Data Versioning for AI Agents: Real-World Experience with lakeFS¶
Building Expert Memory Machine (EMM) started simple enough: LangGraph agents classify content from Confluence, Firefox bookmarks, and local markdown files, then organize everything into an Obsidian vault. Clean automation. What could go wrong?
Turns out, plenty. The first time an agent misclassified an important research document and moved it to the wrong folder, I had backups but no clean way to see what changed. The second time it happened (different agent, different category), I started asking: how do I track these changes systematically? How do I roll back mistakes without losing legitimate updates?
Git seemed obvious. Until I tried it. 10+ automated commits per day from bots made the history unreadable. Binary PDFs bloated .git/objects. And the real killer: Git doesn't understand S3, which I needed for Kubernetes deployment.
That's when I found lakeFS. Version control for object storage. Git semantics, S3 backend. And honestly, it changed how I think about data in agent systems.
Why data versioning isn't the same as code versioning¶
Code repositories work because developers control every line. You write code, review it, commit deliberately. Between commits, the code doesn't change itself.
Data repositories are different animals entirely. My vault has 5,000 markdown files. Every day brings 10-15 new ones. Agents classify them automatically, move files between categories, update metadata. Confluence pages sync. PDFs download from bookmarks. The data changes constantly, without human intervention.
Git for this scenario feels wrong for three reasons:
Repository size. Git stores full history locally. 10GB vault plus 18,000 commits over 5 years means git clone takes hours, not seconds. Local disk fills up. Not practical.
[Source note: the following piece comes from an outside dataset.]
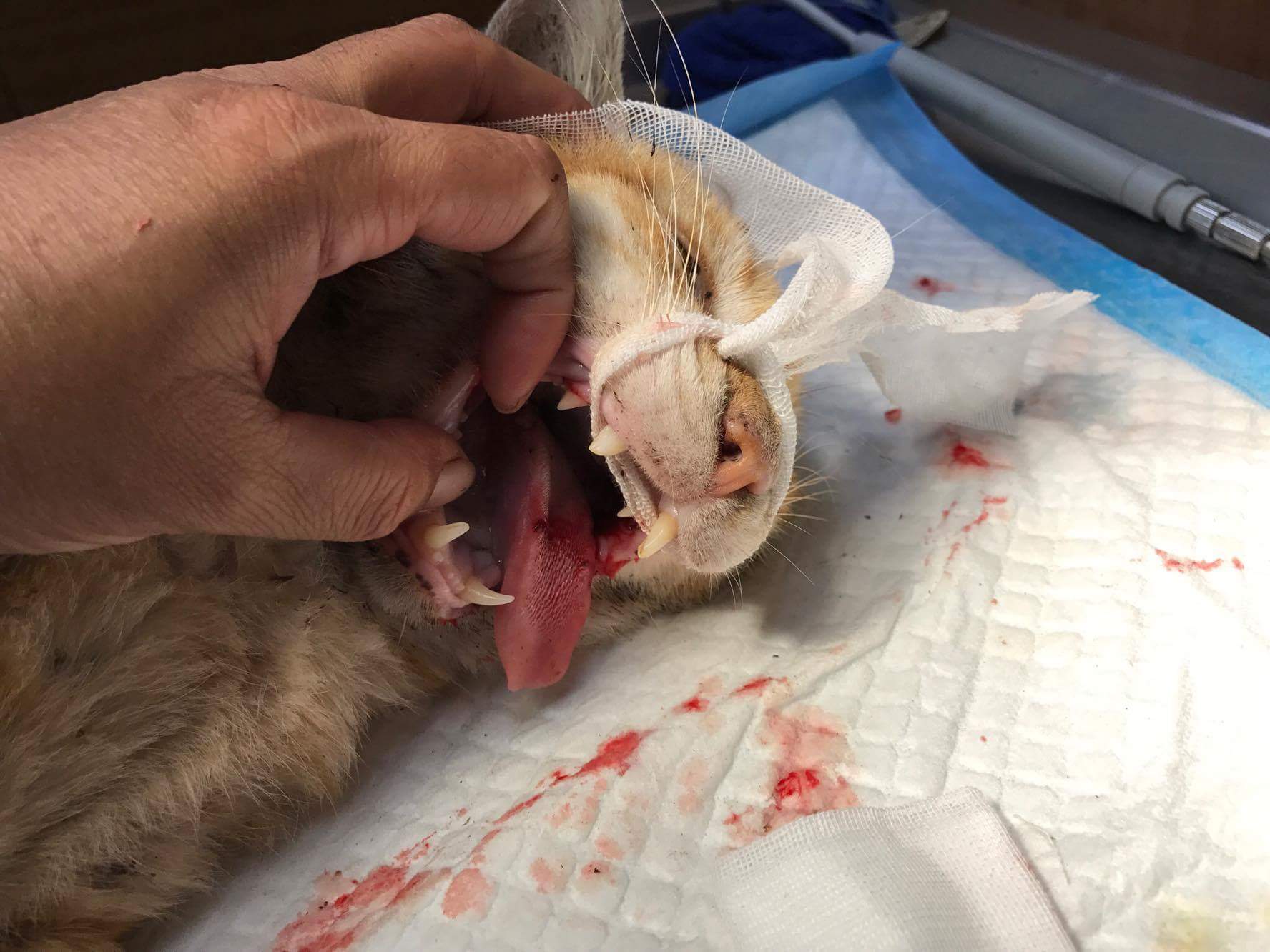 直到原po發文求助,我於11/23日接到捕獲的胖橘,而送台東市寶佳動物醫院治療,血液檢查並沒有貓白血病及貓愛滋病感染,口腔後方靠近咽喉處有明顯腫漲及發炎,舌頭也有潰瘍,認定為自發性口炎,目前陳醫師已將後方會刺激到口腔且明顯搖晃的牙齒拔除並清創

Binary files. PDFs, images - Git can't diff them meaningfully. Each version is a full copy in history. Ten versions of a 50MB PDF? That's 500MB in .git/objects that never compresses.
S3 integration (or lack thereof). EMM runs on Kubernetes. Persistent storage means S3 or compatible object stores. Git doesn't speak S3. Sure, you could mount S3 as a filesystem, but FUSE adds latency and complexity. Not elegant.
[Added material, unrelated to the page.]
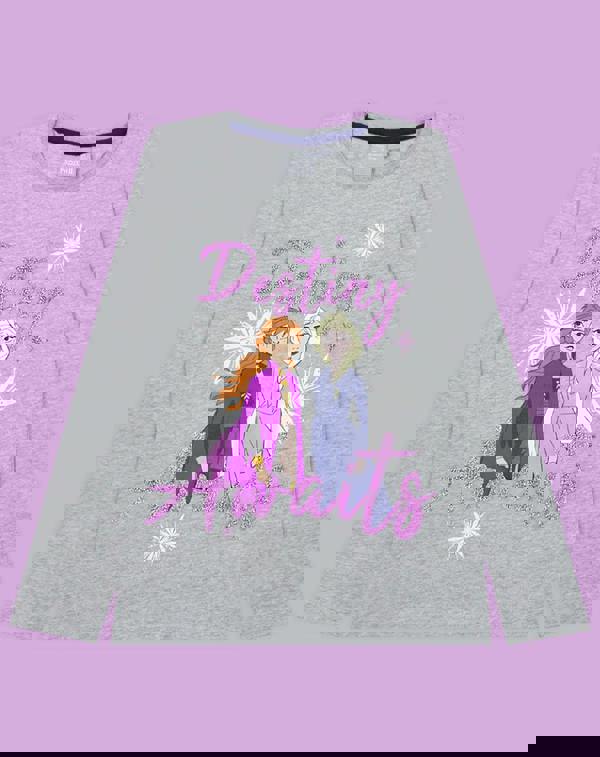 Looking for the perfect addition to your Frozen favourites? Well, look no further! This beautiful long-sleeved crew neck t-shirt, featuring the stunning sisters Queen Elsa and Princess Anna surrounded by snowflakes and the writing "Destiny Awaits" in a fabulous glitter script will bring the magic and sparkle of Frozen to life!

Enter lakeFS - Git semantics over object storage¶
lakeFS implements version control directly on top of S3, Google Cloud Storage, Azure Blob, or any S3-compatible store like MinIO or Cloudflare R2.
Architecture:
Client → lakeFS API → Storage Adapter → S3/GCS/Azure
↓
PostgreSQL (metadata only)
lakeFS doesn't store your data. It manages metadata and provides Git-like operations: branches, commits, merges, diffs. Data lives in S3 as content-addressed objects. Metadata (what branch points where, commit history, file paths) lives in PostgreSQL.
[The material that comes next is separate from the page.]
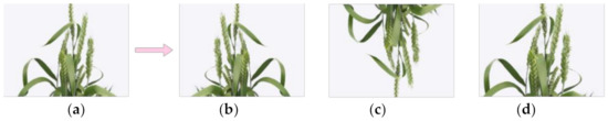 To ensure the stability of the model during operation, reduce the model’s dependence on some irrelevant features, and improve the generalization ability of the model, data processing was required. In the original image, the storage space of a single image at either the tillering or flowering stages of wheat was about 600 KB, and the storage space of a single seed image was about 4 MB. Enhancing the image while ensuring the data feature information is retained can also increase the amount of training data. Figure 9 illustrates several data enhancement methods. The image was flipped horizontally and vertically through horizontal and vertical flip operations. Cropping was conducted to cut an image arbitrarily according to the ratio of 0.8–1.0 of the original image, and the size of the original image was upsampled. Among them, the image horizontal flip, vertical flip, 0.8–1.0 crop ratio selection, and image crop position all adopted the random mode triggered by probability. Finally, the image was scaled to the specified size for network loading.
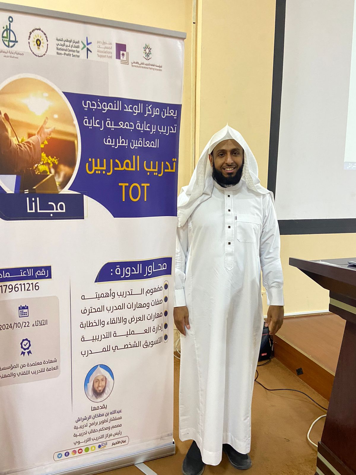 اختتمت اليوم دورة تدريبية بعنوان "تدريب المدربين " TOT من تنظيم مركز الوعد النموذجي للتدريب برعاية جمعية رعاية المعاقين بمحافظة طريف

What sold me on this design:
Zero-copy branching. Creating a branch takes 1 second regardless of repository size. Even with 1TB of data. Why? Branch is just a pointer in PostgreSQL pointing to a commit. No data copied. Instant.
For EMM this means: create feature/test-new-prompt branch, let agent experiment with a different LLM model, review results, and if it's garbage - delete the branch. No wasted S3 storage. No cleanup overhead.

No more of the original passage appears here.